Question for bassplayers about EQ?

Mapleg4

Senior member
Messages
491
What do you set the eq on your amp or bass to? Do you just set it flat in order to get the "same" frequency as the kick drum like some bassplayers do? Do you use more bass/low mids when you play with one guitarist and set it more flat when you play with two guitarists?
 

ByteFrenzy

Senior member
Messages
1,177
I normally leave both the bass and the amp controls flat and the PU blend in the middle. Depending on the song I'll use the slap contour switch on the SD preamp to give some bass boost/mid cut for the gentler pieces where I want a more string bass like sound or deactivate it and add a bit more bridge PU for the livelier ones. The only exception is that sometimes I'll do some treble cut if I know I'm going to be all over the neck and I want to cut back on the noises.
 

AndyG

Senior member
Messages
562
Obviously it depends on the tone you want ... and on the situation.

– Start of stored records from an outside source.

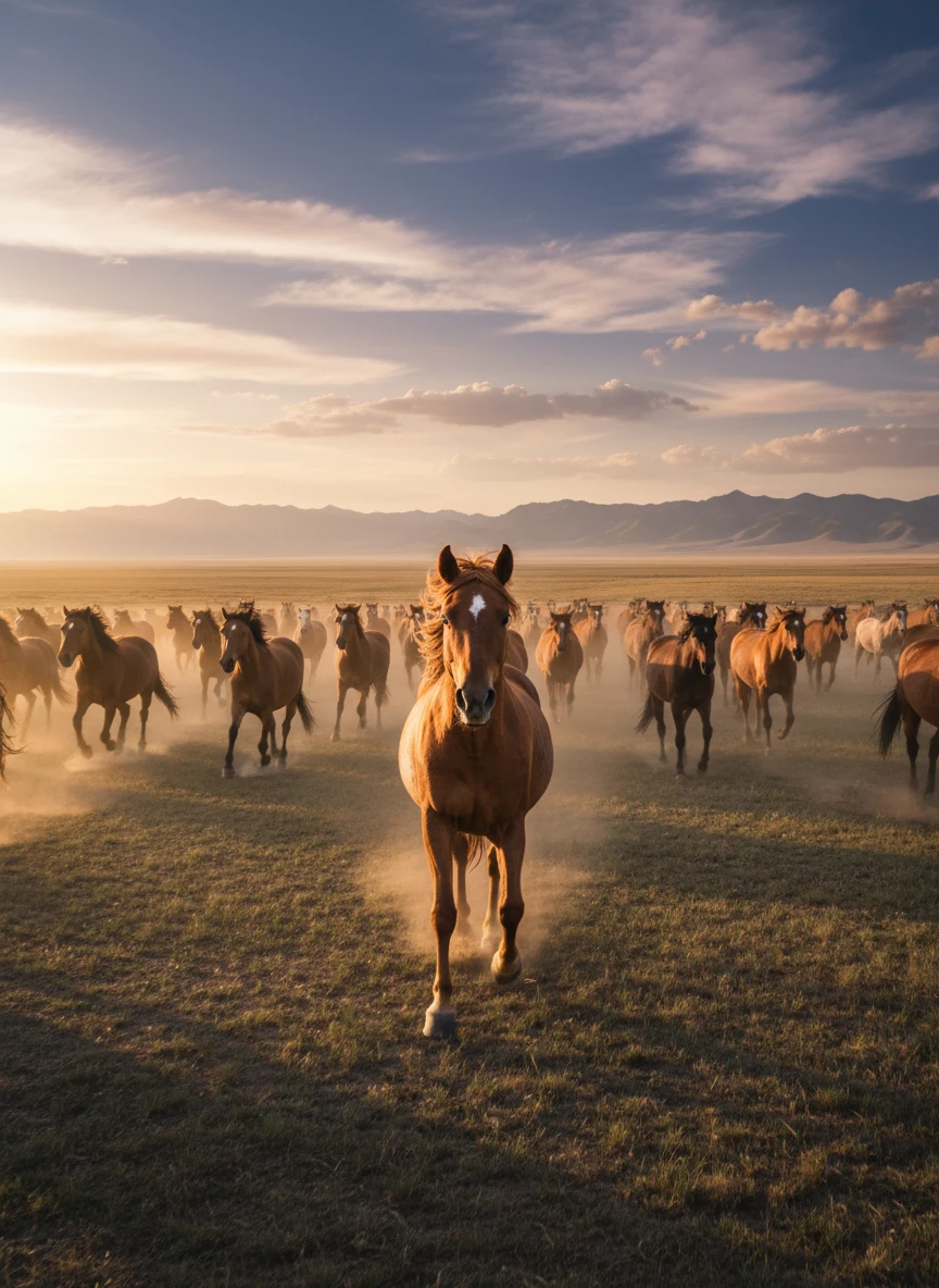 AI Horse Generator depiction of a wild mustang herd running across open plains under a wide sky. One central horse is in sharp focus while others fade slightly into the background. The scene conveys freedom and scale. Style: cinematic, wide-angle, realistic NEG: crowd clutter, duplicated horses, haze overload, blur, low resolution, cartoon style, watermark, text
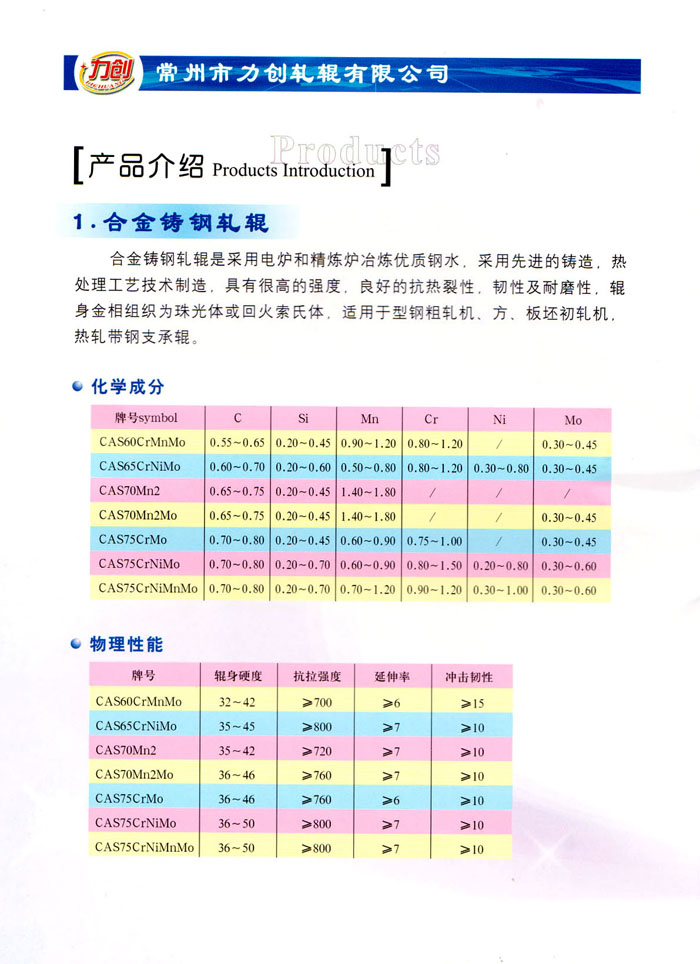 常州市力創(chuàng)軋輥有限公司(原名常州市力創(chuàng)軋廠, 創(chuàng)建于2000年),本公司專業(yè)生產(chǎn)鑄鋼軋輥、鑄鐵軋輥及鑄鋼堆焊的服務(wù),生產(chǎn)經(jīng)驗(yàn)豐富,技術(shù)力量強(qiáng)大,鑄造能力雄厚。 公司主導(dǎo)產(chǎn)品各類優(yōu)質(zhì)軋輥是集冶煉、鑄造、熱處理及機(jī)加工為一體的高科技含量產(chǎn)品,其生產(chǎn)工藝裝備先進(jìn),檢測設(shè)備完善,經(jīng)過技術(shù)中心的研發(fā),建成整體鑄鐵鑄鋼軋輥,離心復(fù)合鑄鐵軋輥等優(yōu)質(zhì)軋輥生產(chǎn)線,生產(chǎn)多系列多材質(zhì)多規(guī)格的軋輥及輥環(huán),產(chǎn)品暢銷80多家國內(nèi)鋼鐵企業(yè),各項(xiàng)技術(shù)指標(biāo)均滿足客戶使用要求,得到用戶充分肯定,具有強(qiáng)勁的競爭實(shí)力。 我公司連續(xù)多年被評(píng)為明星企業(yè),文明單位,重合同守信用企業(yè),并通過ISO9001:2008最新質(zhì)量體系認(rèn)證。 我公司堅(jiān)持以“質(zhì)量至上,誠信為本”為宗旨,熱忱歡迎新老客戶洽談合作,竭誠為廣大客戶提供優(yōu)質(zhì)產(chǎn)品和良好服務(wù)。
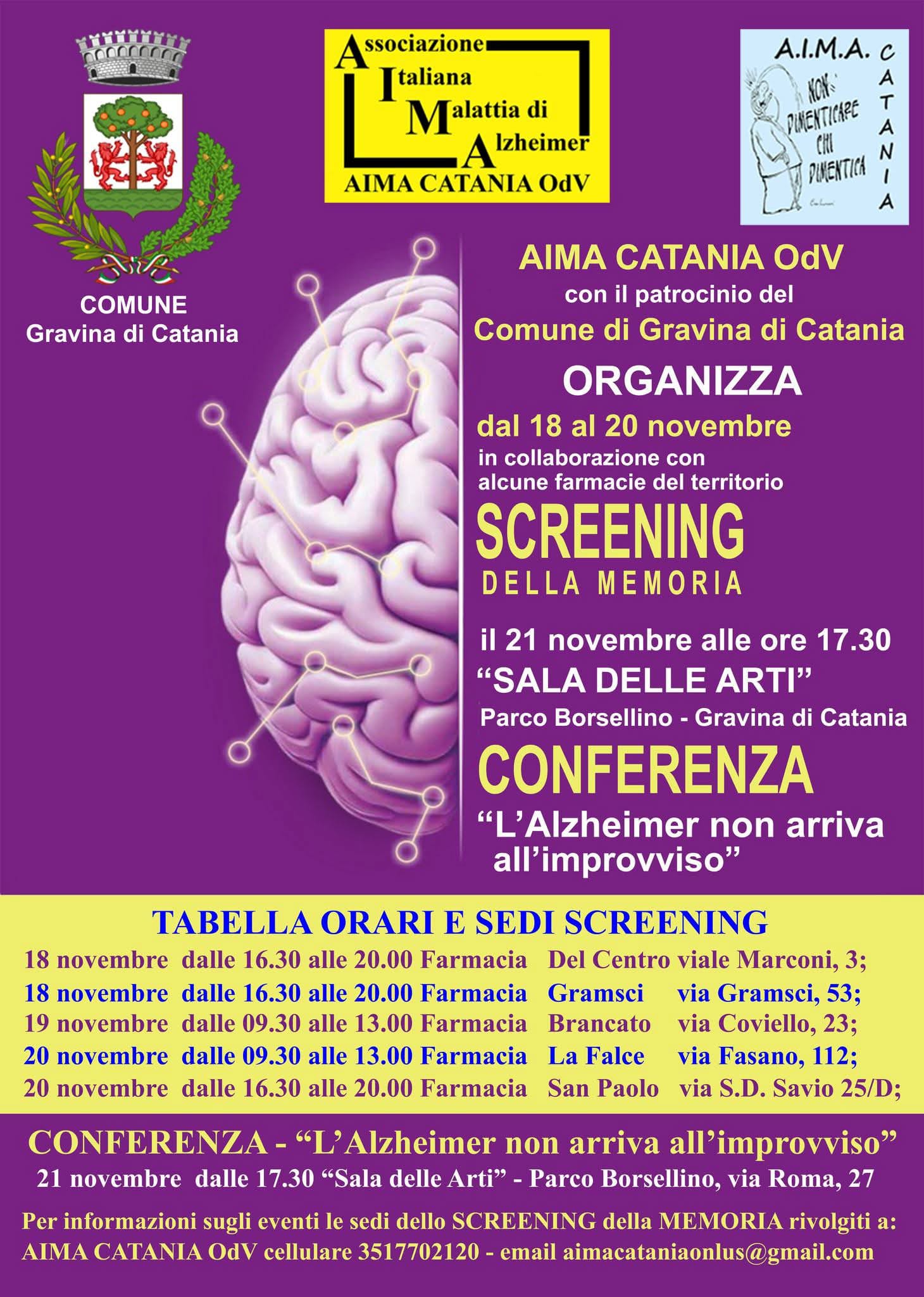 Il Sindaco Massimiliano Giammusso ed il vicesindaco con delega ai Servizi sociali ed al Distretto socio-sanitario 19 Claudio Nicolosi comunicano alla Cittadinanza che da martedì 18 a giovedì 20 novembre si svolgerà lo screening della memoria presso diverse farmacie del territorio secondo gli orari di seguito indicati:

For recording, I personally like to have the bass fill an sonic area between the kick and the guitars.  Works great for most types of rock music, not so much for funk, jazz, or reggae, where the bass should hold down the fort.

Metal players will generally scoop all the mids, although my personal favorite bass tone was from Queensryche's "Operation Mindcrime", on which Jackson actually had a really nice midrange growl.

I set my bass EQ to work in concert with my amp EQ.  I'm not a slap player, so I don't need that particular contour.  I kinda like the idea of a "one size fits all" tone, to which I will add overdrive, chorus, or wah depending on the song.
 

SkuttleFunk

Senior member
Messages
1,156
EQ for me totally depends on which amp rig I'm using (each has a different frequency placement on the eq controls - my WT800 is significantly more flexible than my old Ampeg flip top) and what room I'm playing in.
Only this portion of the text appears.